Pasado el valle de Courmayer  coges un poco de altura hasta llegar al refugio de Bertone y tras él, manteniendo casi la misma cota, al de Bonnati, y a Arnouvaz tras una ligera bajada. Este punto es famoso ya que mucha gente pasa allí la noche si lo que quiere es subir al Grand col Ferret, siguiente punto de la carrera a 2.500m. La primera parte resulta dura, pero bajo mi punto de vista, la segunda puede resultar cómoda, incluso pudiendo correr gran parte de ella. Ahora puedes poner freno en tus pies ya que la bajada que te espera es muy larga y hace que “te embales” aunque no quieras. En esa bajada pasas por La Fouly con otro avituallamiento, esta vez ya de día. Poco antes del siguiente punto, ya en territorio suizo, Champex Lac, tienes una pequeña subida que afrontas con ganas ya que lo único que quieres es llegar al lago, porque sabrás que tienes más de la mitad del camino recorrido, 124km. Aquí tienes la posibilidad de disponer de otra bolsa del corredor. Es un punto importante a tener en cuenta por los corredores que van un poco más lentos, ya que puede caer la noche y necesitarás de nuevo el frontal.

Lo más importante, debes avituallarte muy bien, el cansancio en este punto es más que notable y debes visualizar que te quedan aún tres picos por subir y una distancia de poco más de una maratón. 

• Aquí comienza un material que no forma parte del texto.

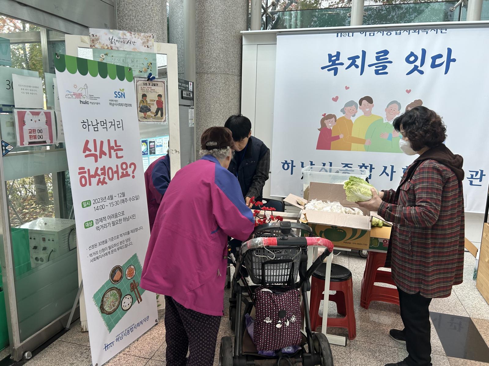 2023 하남먹거리 '식사는 하셨어요?' 22회기 작성일 : 2023.11.02 | 조회수 : 3094 안녕하세요.하남시종합사회복지관 입니다.11월 1째주 하남먹거리 진행했습니다. 하남시종합사회복지관은 매주 수요일 먹거리 대상자로 선정 된 30명에게 먹거리를 제공하고 있습니다.날이 많이 추워졌는데 맛있는 먹거리 드시고따듯한 가을 보내시기를 바랍니다!!

La primera de las tres últimas subidas es La Giéte, con senderos estrechos y duros de realizar aunque muy bonitos, donde ya caminando bajas a Trient, pueblo pequeño y bonito que se caracteriza por una iglesia rosa, y donde haces un trayecto de “ida y vuelta” para entrar al avituallamiento. Lo que sigue es una dura subida a Catogne, para mí, quizá por el punto de la carrera en que estás ya, la más dura de todas. Esto es compensado por la bajada que tienes hasta llegar a Vallorcine.   En este pueblo cruzas las vías del tren y entras en Francia, volviendo así al país de partida y esperanzado por lo poco que te queda. Es un avituallamiento en el que merece la pena perder algo de tiempo porque los últimos 20km tienen aún una última pista de subida a El Téte aux vents y se te puede hacer un mundo. Parece que no tiene mucha inclinación, pero cuesta mucho correrla. Esta subida tiene unos escalones muy altos y necesitas estar bien hidratado para poder alcanzar tu objetivo final, llegar a Chamonix. Entras así en la recta final visualizando “tu meta” desde La Flégére, con el valle de Chamonix al fondo. Da igual verlo de día que de noche, ya que ilusiona e impresiona igual  con sus luces. ¿Qué te queda? Tramos de pista y senderos que pasan por el bonito balcón de La Floria, que te llevarán a tu destino final, pasando por el cauce del río entre la gente en el centro de Chamonix. Los gritos de ánimo, del público, la plaza del reloj y el arco de meta al fondo hacen que te llenes de energía y afrontes esos últimos metros para cumplir ese sueño por el que tanto has sacrificado y por los que has recorrido nada más y nada menos que 170km, pasando por tres países y guardando en tu retina y tu memoria una experiencia  inolvidable.